As to the Petro dollar conspiracy,i didn't talk about that (not in regards to
the dollar anyway), just mentioned the longevity of those who walk away from
the buck.

But you brought up some numbers...

To your point that trillions were spent on Iraq, you're confusing the time
line. In 2003 we were told, the war was going to cost a few hundred billion.
And that the Iraqis, so grateful to their liberators, would pay for it with
their oil.

Didn't pan out, it never does, but our actions can only be based on our
current beliefs, not our future ones. We thought the war would be short and
free (remember Bush's "mission accomplished" photo op in 2003).

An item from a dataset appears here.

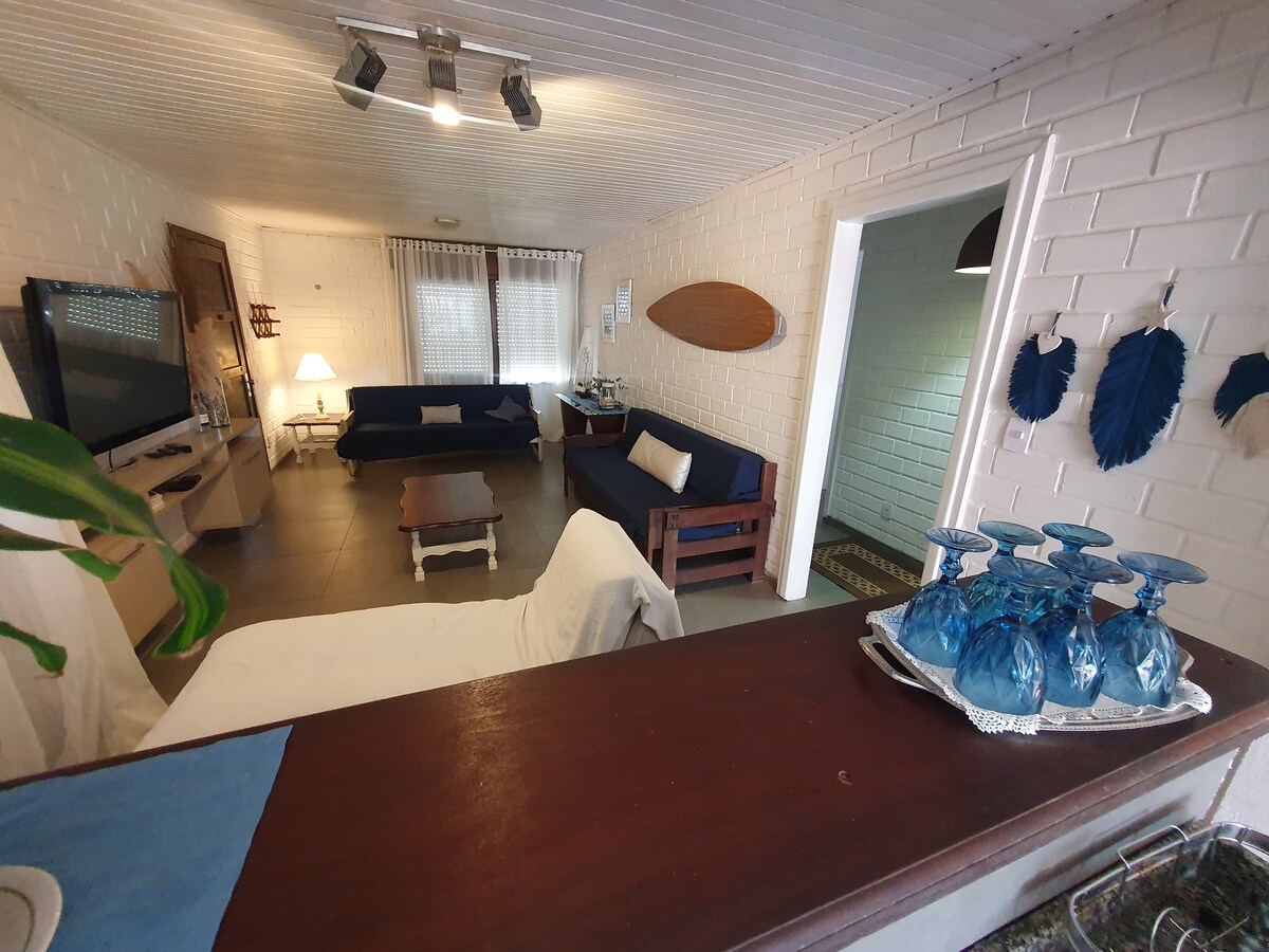Casa completa, 2 quartos, suíte, internet, ar condicionado. Próxima à praia, com piscina, lareira, sala ampla com ótima ventilação.

0.5% of the American GDP is 90 billion, with an NPV of 36 _trillion_
(calculated using the, admittedly the current 0.25%). Chump change indeed.
That's a tremendous amount of wealth.

As to the foreign exchange, 65% are U.S. dollars, while the U.S. is less than
one fifth of the world economy. Bit of an unbalance, no ?

------
achamayou
This only shows what someone (an analyst ?) in the State Department thought
were the French Motives for Overthrowing Qaddafi (one overthrows a ruler,
government, not a whole country).

Whether he was correct or not isn't very easy to establish, given the absolute
lack of supporting information on most of these points.

Re-asserting the position of the French military is far fetched, for a
president that cut its budget and size very significantly. Similarly, claims
about influence do not seem particularly credible given the utter lack of
follow up and French presence in the country after Qaddafi's death.

The only credible point really is c., a desire to improve his popularity at
home.

------
rubberstamp
France is a democracy, but this still happened. Would the French people allow
their president to go to war over reasons stated in this cable, if such a
permission was needed? This is what secrecy brings.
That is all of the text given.